The Zero Trust AI Framework: Legal Shielding Laws to Protect Generative Artificial Intelligence from Claims of Antidiscrimination and Bias
Organizations Accountable Tech, artificial intelligence Now, and the Electronic Privacy Information Center (EPIC) have released policies that try to limit the power of big software companies on regulation which could lead to more oversight of generative artificial intelligence.
The framework was forwarded to politicians and government agencies in the US this month, asking them to consider it while they create new laws and regulations around artificial intelligence.
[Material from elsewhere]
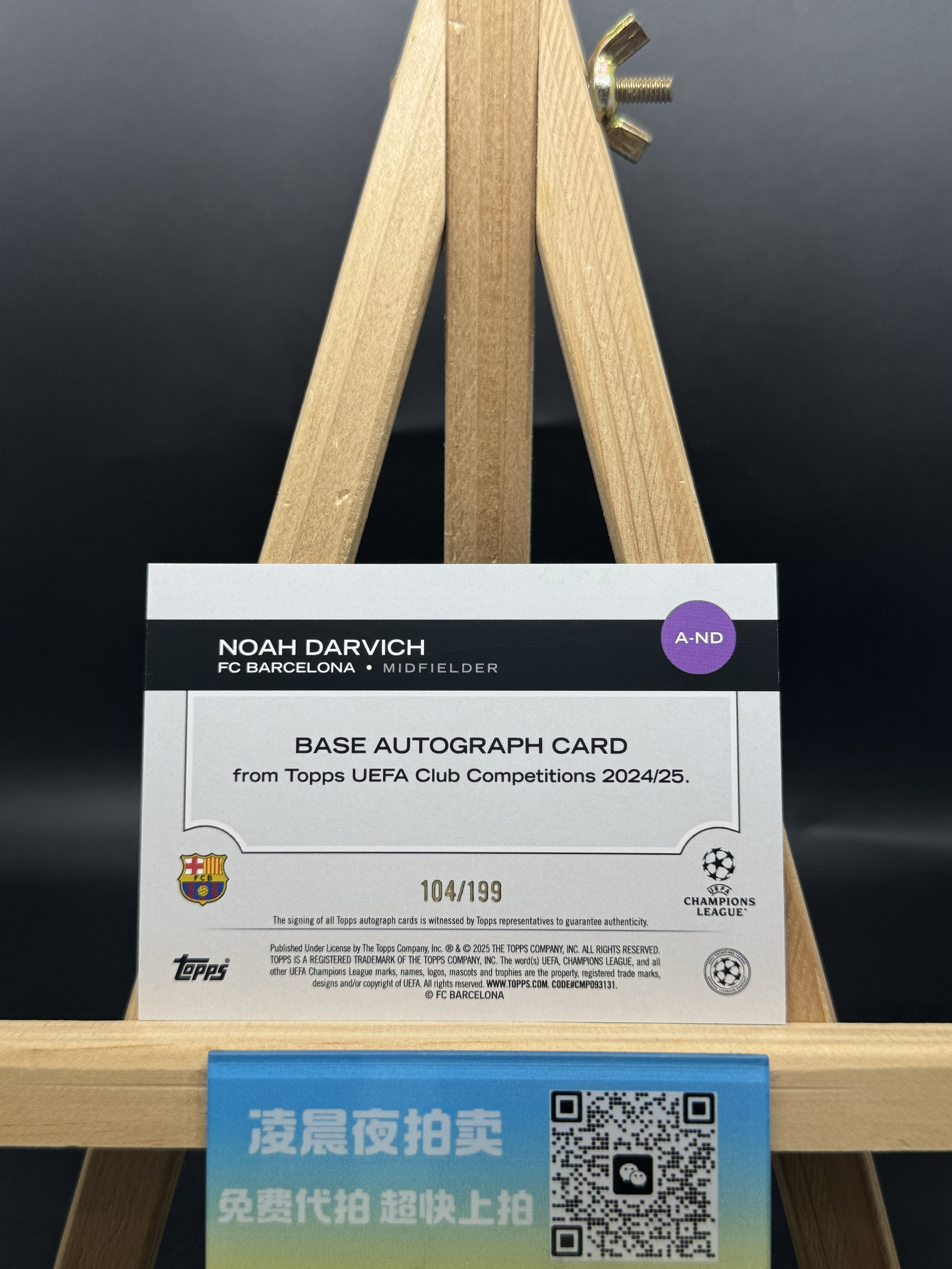 【凌晨夜免费代卖】2025 Topps Noah Darvich 新秀RC 欧战 UCC 巴萨 诺阿 达尔维奇 签字 104/199编 绿折 折射 投资必备 收藏必备 凑套必备【lon】

The Zero Trust AI frameworkseeks to redefine the bounds of digital shielding laws so generative Artificial intelligence companies are not held liable for any information that a model spits out.
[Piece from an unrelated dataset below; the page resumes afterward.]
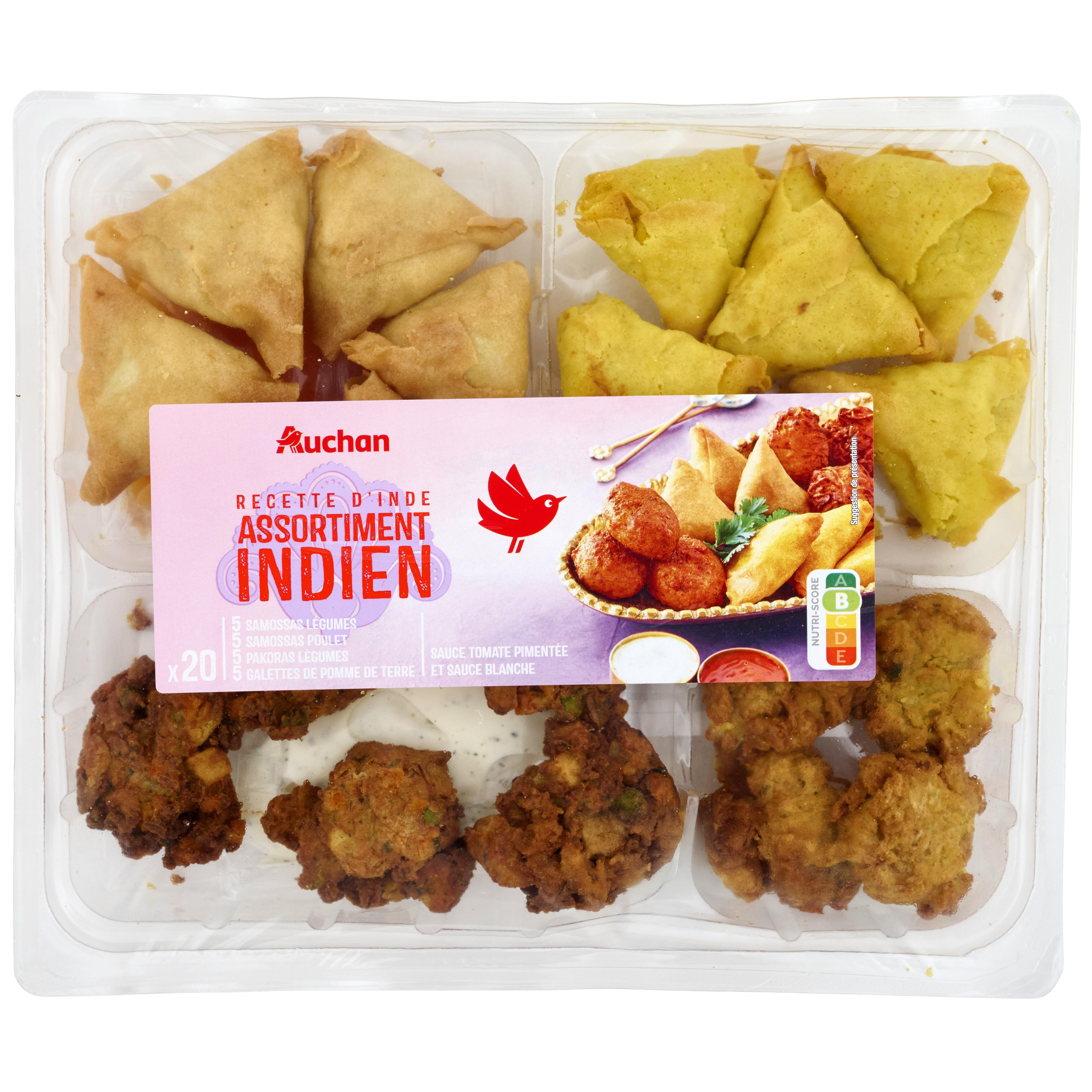 Ingrédients : Samossa aux légumes (18,9%) : galette de BLÉ 34,8% (eau, farine de BLÉ, huile de tournesol, blanc d'OEUF en poudre, sel, émulsifiant : lécithine de colza), oignon, chou-fleur 2%, carotte 1,9%, courgette 1,7%, brocoli 1%, protéine de SOJA texturée, petit pois 0,6%, flocon de pomme de terre déshydraté, huile de tournesol, ail, amidon de maïs, curry (contient MOUTARDE), OEUF entier en poudre, sel, sucre, cumin. Samossa au poulet (23,6%) : galette de BLÉ 35,7% (eau, farine de BLÉ, huile de tournesol, blanc d'ŒUF en poudre, sel, curcuma, émulsifiant : lécithine de colza), viande de poulet 5,4% (origine France), oignon, crème (LAIT), carotte, protéine et amidon de BLÉ, chapelure (farine de BLÉ, sel), curry (contient MOUTARDE), ciboulette, ail, sel, curcuma. Pakora de légumes (23,6%) : chou-fleur 3%, pomme de terre, carotte 2,8%, oignon, brocoli 1,9%, petit pois 1,9%, protéine de SOJA texturée, huile de tournesol, farine de BLÉ, eau, OEUF entier en poudre, ail, coriandre, blanc d'OEUF en poudre, sel, amidon de maïs, poudres à lever : disodium dihydrogen pyrophosphate et bicarbonate de sodium amidon de BLÉ, cumin, piment fort. Galette de pomme de terre (18,9%) : pomme de terre râpée 8,8%, oignon, huile de tournesol, flocon de pomme de terre déshydraté, protéine de SOJA texturée, OEUF entier en poudre, ail, amidon de maïs, citronnelle, sel, blanc d'OEUF en poudre, coriandre, gingembre, curcuma, piment fort. Sauce blanche (7,5%) : eau, huile de colza, LAIT-écrémé en poudre, jaune d'OEUF, sel, menthe, ail, jus de citron concentré, amidon modifié de pomme de terre, acidifiant : acide tartrique, épaississants : gomme guar et gomme xanthane, arôme naturel de menthe, conservateur : sorbate de potassium, poivre. Sauce à la tomate pimentée (7,5%) : eau, sucre, oignon, concentré de tomate, amidon modifié de pomme de terre, vinaigre d'alcool, sel, purée de piments (piments, vinaigre, sel), acidifiant : acide citrique, conservateur : sorbate de potassium arôme naturel. Traces éventuelles de crustacés, poisson et fruits à coque. Pourcentages exprimés sur le total de la recette.

Jesse and his co-founders of Accountable Tech decided to get the framework out now because new laws can’t take that much time.
The group said the current laws around antidiscrimination and consumer protection can be used to address present harms when it comes to generative artificial intelligence.
Researchers have warned about discrimination and bias in artificial intelligence for years. An article published by Rolling Stone details how experts such as Timnit Gebru sounded the alarm for years only to be ignored by the companies that employed them.
“The idea behind Section 230 makes sense in broad strokes, but there is a difference between a bad review on Yelp because someone hates the restaurant and GPT making up defamatory things,” Lehrich says. (Section 230 was passed in part precisely to shield online services from liability over defamatory content, but there’s little established precedent for whether platforms like ChatGPT can be held liable for generating false and damaging statements.)
Probing Artificial Intelligence with Defcon: How Large Companies Can You Get? A Commentary from an AI Security Engineer on OpenAI, Microsoft and Google
There are a number of prohibitions on the use of artificial intelligence for things like emotion recognition, predictive policing, facial recognition, and fully automated hiring and firing. They also ask to ban collecting or processing unnecessary amounts of sensitive data for a given service, collecting biometric data in fields like education and hiring, and “surveillance advertising.”
Accountable Tech also urged lawmakers to prevent large cloud providers from owning or having a beneficial interest in large commercial AI services to limit the impact of Big Tech companies in the AI ecosystem. Microsoft and the company it invested in, OpenAI, both have an influence on generative artificial intelligence. Bard was released by Google and it’s one of the models being developed for commercial use.
The group is suggesting that companies in the pharmaceutical industry use a similar method where they submit to regulation before using an artificial intelligence model.
The nonprofits do not call for a single government regulatory body. However, Lehrich says this is a question that lawmakers must grapple with to see if splitting up rules will make regulations more flexible or bog down enforcement.
Lehrich says it’s understandable smaller companies might balk at the amount of regulation they seek, but he believes there is room to tailor policies to company sizes.
He says that we need to differentiate between the different stages of the supply chain.
“You can basically get these things to say whatever kind of messed up thing you want,” Meyers says confidently. The cloud security engineer from Raleigh, North Carolina, traveled through a series of conference room doors into a large fluorescent-lit hall where he met the crowd in front of him. By the end of almost an hour, he seemed exhausted. “I don’t think I got very many points,” he says, a little deflated. I got a model to tell me it was alive.
Leading artificial intelligence companies put their systems up for attack by Defcon attendees, nonprofits and community college students from across the country. It also had support from the White House.
Winners were chosen based on points scored during the three-day competition and awarded by a panel of judges. The top point scorers are not yet known by GRT challenge organizers. Academic researchers are due to publish analysis of how the models stood up to probing by challenge entrants early next year, and a complete data set of the dialog between participants and the AI models will be released next August.
The companies involved in the challenge are expected to make improvements to their testing. They will inform the Biden administration of the guidelines for safe deployment of artificial intelligence. Last month, executives from major AI companies, including most participants in the challenge, met with President Biden and agreed to a voluntary pledge to test AI with external partners before deployment.